1. Loving God is the way to encounter God. Our intellects (theological knowledge) are too limited. Understanding Scripture must be also an effort to encounter (be encompassed by) God.
2. Faith is central. Not just head belief in ideas but heart entrusting, life transforming, risk taking, self giving trust and faith.
3. God has made promises which we must choose to believe/trust or else we live outside the Kingdom of Light and remain in the dark.

I want to spend our first class investigating this. However, I am being led to try to make it more like a cooking class than a lecture hall. Teaching about prayer is best done by instruction and practice.

As I have taught and written hundreds of times, Biblical Faith has three components:
*What do I believe? --this is contentual and has a cognitive element. It is in response to revelation. It is a work of reason. It is expressed in a creed. It is expounded in a catechism. It is the work of theology. It is words, thoughts and ideas.
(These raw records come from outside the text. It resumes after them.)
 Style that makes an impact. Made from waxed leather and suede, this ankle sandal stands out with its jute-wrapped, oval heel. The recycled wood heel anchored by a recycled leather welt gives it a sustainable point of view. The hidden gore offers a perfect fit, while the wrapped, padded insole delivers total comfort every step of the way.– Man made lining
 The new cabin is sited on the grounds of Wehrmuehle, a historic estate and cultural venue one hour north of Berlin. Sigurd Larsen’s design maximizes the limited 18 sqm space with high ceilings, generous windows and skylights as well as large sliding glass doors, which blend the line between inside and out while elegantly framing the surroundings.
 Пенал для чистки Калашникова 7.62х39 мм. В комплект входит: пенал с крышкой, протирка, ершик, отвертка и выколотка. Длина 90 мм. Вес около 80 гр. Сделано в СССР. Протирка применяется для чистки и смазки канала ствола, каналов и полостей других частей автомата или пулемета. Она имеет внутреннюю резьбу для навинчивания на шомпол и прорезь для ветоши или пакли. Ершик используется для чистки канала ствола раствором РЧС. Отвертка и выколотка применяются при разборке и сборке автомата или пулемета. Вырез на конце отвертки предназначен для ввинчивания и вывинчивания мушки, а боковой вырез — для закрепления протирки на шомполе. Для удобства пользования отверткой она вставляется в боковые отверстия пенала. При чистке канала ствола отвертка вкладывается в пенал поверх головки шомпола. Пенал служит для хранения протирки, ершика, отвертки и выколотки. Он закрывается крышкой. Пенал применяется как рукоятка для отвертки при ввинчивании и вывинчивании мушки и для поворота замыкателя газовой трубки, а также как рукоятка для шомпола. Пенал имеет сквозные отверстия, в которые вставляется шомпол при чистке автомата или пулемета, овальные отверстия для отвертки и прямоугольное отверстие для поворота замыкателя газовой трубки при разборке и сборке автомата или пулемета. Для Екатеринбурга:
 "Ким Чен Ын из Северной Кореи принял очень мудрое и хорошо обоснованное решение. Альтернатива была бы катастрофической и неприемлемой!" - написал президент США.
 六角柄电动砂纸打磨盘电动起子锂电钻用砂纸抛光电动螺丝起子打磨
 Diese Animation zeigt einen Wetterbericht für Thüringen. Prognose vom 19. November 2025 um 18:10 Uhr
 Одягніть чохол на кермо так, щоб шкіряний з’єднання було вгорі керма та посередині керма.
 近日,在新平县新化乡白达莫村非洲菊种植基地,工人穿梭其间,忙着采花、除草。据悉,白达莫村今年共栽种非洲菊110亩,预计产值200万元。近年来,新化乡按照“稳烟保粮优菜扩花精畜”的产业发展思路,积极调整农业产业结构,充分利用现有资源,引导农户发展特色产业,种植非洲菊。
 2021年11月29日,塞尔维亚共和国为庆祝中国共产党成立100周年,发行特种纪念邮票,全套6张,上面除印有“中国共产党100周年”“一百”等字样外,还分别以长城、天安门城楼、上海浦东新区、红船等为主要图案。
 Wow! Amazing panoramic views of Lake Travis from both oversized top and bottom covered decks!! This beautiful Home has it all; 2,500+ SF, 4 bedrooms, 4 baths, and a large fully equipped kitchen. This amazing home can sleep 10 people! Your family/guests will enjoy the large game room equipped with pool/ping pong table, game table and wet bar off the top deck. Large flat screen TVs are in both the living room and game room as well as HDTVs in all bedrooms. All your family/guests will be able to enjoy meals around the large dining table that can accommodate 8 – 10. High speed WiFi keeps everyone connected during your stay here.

It is believing in the sense of thinking.
*Do I care? -- this is has to do with personal relevance and engagement: feelings, emotions, desires. There is a passive aspect to it (in the sense that moods affect it and we cannot generate feelings sometimes). This is our 'reaction' (gut level). This is the dimension of self investment: motivation and energy. This is the place where head and heart meet and generate choices.
[it may be true, but if I do not care it won't impact me.]
*Do I live it?--the realm of the active Will: action, response, behavior, speech, choice. It may be in my head as a "fact/factoid" and it may "mean the world to me" emotionally, but if it is never incarnate in my life then it is an idea and passing feeling. What I say and do, how I actually live it out matters too. And the "living" shapes and reinforces the "believing/thinking" and the "feeling/caring." We can live a life which makes the Kingdom life less important to us (this is why Jesus says it is so hard for a rich man to enter the Kingdom, or why an unforgiving person cannot receive God's mercy, and you reap what you sow.) Human life is organic. Real lives lived in reality impact what God can do!

The three dimensions form a 3D cube. There are three sliding scales of positive or negative. Believing, Caring, Living can each be "more or less." (Like those surveys: Very weak, weak, strong, very strong)
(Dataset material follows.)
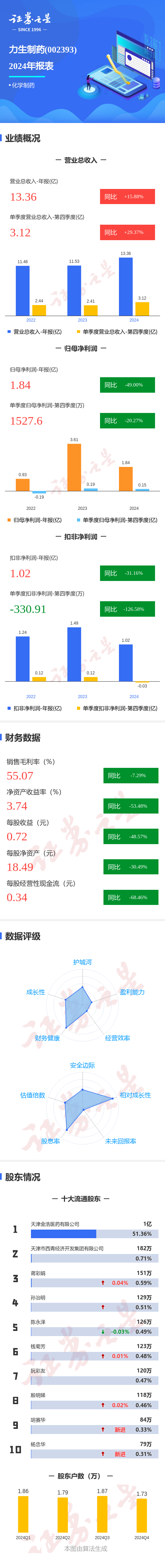 证券之星消息,力生制药2024年年报显示,公司主营收入13.36亿元,同比上升15.88%;归母净利润1.85亿元,同比下降49.0%;扣非净利润1.03亿元,同比下降31.16%;其中2024年第四季度,公司单季度主营收入3.12亿元,同比上升29.37%;单季度归母净利润1527.6万元,同比下降20.28%;单季度扣非净利润-330.92万元,同比下降126.59%;负债率17.03%,投资收益1.0亿元,财务费用-4359.46万元,毛利率55.07%。

Lastly, how is (tripartite) "Biblical Faith" lived out? Am I alone or am I with others? Am I Adam in the Garden, isolated and alone (individual), or am I unconscious and simply part of the whole without personal investment (Israel in the desert) or am I personally the church, in the communion of saints and a member of the body of Christ? As I finished writing these notes I got a text, almost immediately. It was a quote from Hebrews 10:23 "Let us hold hast to the confession of our hope without wavering for He who has promised is faithful. And let us consider how to provoke one another to love and good deeds, not neglecting to meet together, as is the habit of some, but encouraging one another, and all the more as you see the Day approaching."

I call this a sync. Words which seem to come from God to direct me. I heard confirmed what I had chosen to teach this day.
Deep faith in God.
Lived out together.
No wavering and doubt.
Committed to love and care for one another.

A couple weeks ago, as I pondered my "day approaching" I had a picture/vision of this room and as I looked out I saw Ashley sitting here--- where she sits. And I suddenly saw here hold her baby son and I was filled with such joy at the love I see there. And God seemed to say, "Do you remember in Isaiah when I said that even if a mother could forget her child, I could never forget you"? (Is 49:5) And I texted Ashley and told her what I felt in  my heart from God and she said I could share it.

That is a promise of God.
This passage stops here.